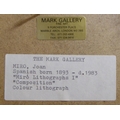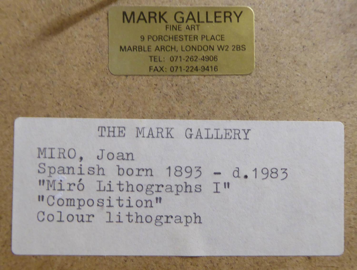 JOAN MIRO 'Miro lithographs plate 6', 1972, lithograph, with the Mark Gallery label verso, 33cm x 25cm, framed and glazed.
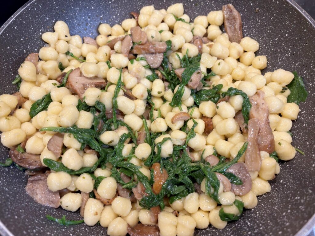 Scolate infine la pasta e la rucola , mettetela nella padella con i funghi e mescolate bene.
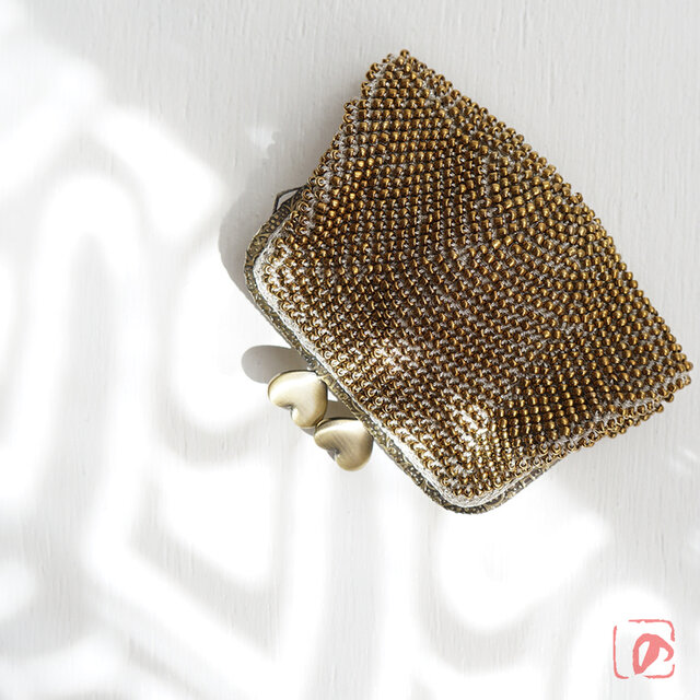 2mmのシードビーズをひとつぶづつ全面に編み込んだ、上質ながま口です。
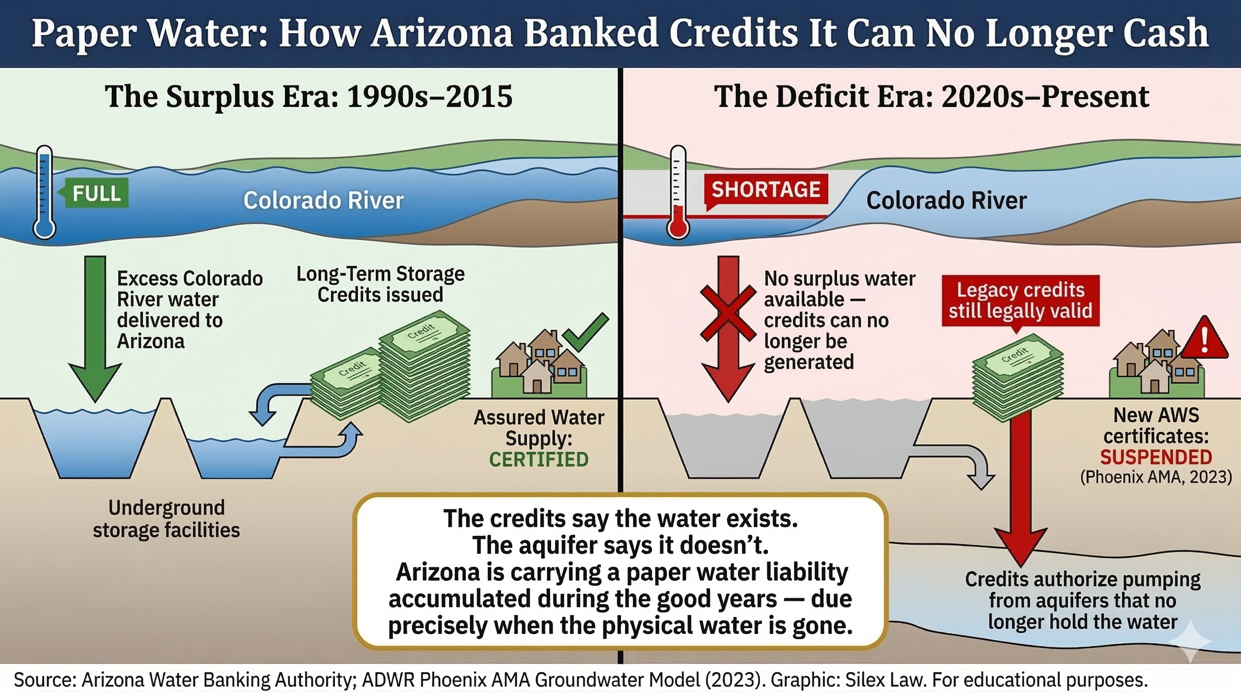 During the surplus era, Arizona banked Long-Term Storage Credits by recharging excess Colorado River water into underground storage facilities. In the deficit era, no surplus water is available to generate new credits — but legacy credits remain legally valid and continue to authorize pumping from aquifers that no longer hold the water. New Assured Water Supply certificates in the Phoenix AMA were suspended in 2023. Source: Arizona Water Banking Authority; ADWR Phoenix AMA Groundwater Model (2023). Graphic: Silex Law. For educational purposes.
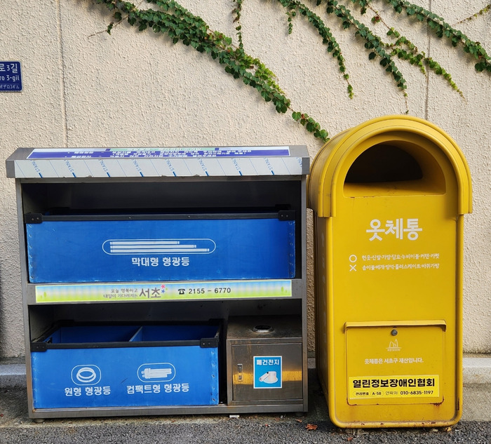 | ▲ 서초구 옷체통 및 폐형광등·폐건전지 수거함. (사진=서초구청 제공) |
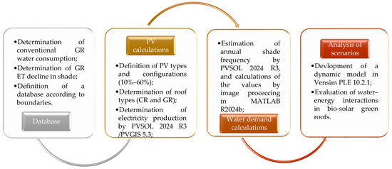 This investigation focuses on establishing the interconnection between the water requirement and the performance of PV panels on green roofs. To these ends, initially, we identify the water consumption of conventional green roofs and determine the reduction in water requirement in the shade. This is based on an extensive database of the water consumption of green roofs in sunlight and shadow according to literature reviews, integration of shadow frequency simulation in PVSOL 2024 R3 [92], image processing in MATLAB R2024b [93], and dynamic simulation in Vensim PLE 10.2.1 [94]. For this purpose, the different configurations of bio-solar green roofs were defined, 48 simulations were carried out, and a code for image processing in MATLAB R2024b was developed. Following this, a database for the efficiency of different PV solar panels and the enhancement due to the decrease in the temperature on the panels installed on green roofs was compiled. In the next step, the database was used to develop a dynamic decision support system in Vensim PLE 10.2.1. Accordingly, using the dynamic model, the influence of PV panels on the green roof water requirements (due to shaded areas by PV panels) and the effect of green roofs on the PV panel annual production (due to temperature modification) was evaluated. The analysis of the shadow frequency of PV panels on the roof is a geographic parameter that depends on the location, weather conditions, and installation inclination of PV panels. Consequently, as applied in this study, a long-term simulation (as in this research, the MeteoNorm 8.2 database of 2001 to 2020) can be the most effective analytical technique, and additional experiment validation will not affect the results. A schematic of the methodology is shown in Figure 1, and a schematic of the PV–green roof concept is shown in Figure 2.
■ ■ ■ ■
Only one thing is wanted here, an exact copy of the lines from the first line above through the line containing "(사진=서초구청 제공) |", minus any picture.

 JOAN MIRO 'Miro lithographs plate 6', 1972, lithograph, with the Mark Gallery label verso, 33cm x 25cm, framed and glazed.
 Scolate infine la pasta e la rucola , mettetela nella padella con i funghi e mescolate bene.
 2mmのシードビーズをひとつぶづつ全面に編み込んだ、上質ながま口です。
 During the surplus era, Arizona banked Long-Term Storage Credits by recharging excess Colorado River water into underground storage facilities. In the deficit era, no surplus water is available to generate new credits — but legacy credits remain legally valid and continue to authorize pumping from aquifers that no longer hold the water. New Assured Water Supply certificates in the Phoenix AMA were suspended in 2023. Source: Arizona Water Banking Authority; ADWR Phoenix AMA Groundwater Model (2023). Graphic: Silex Law. For educational purposes.
 | ▲ 서초구 옷체통 및 폐형광등·폐건전지 수거함. (사진=서초구청 제공) |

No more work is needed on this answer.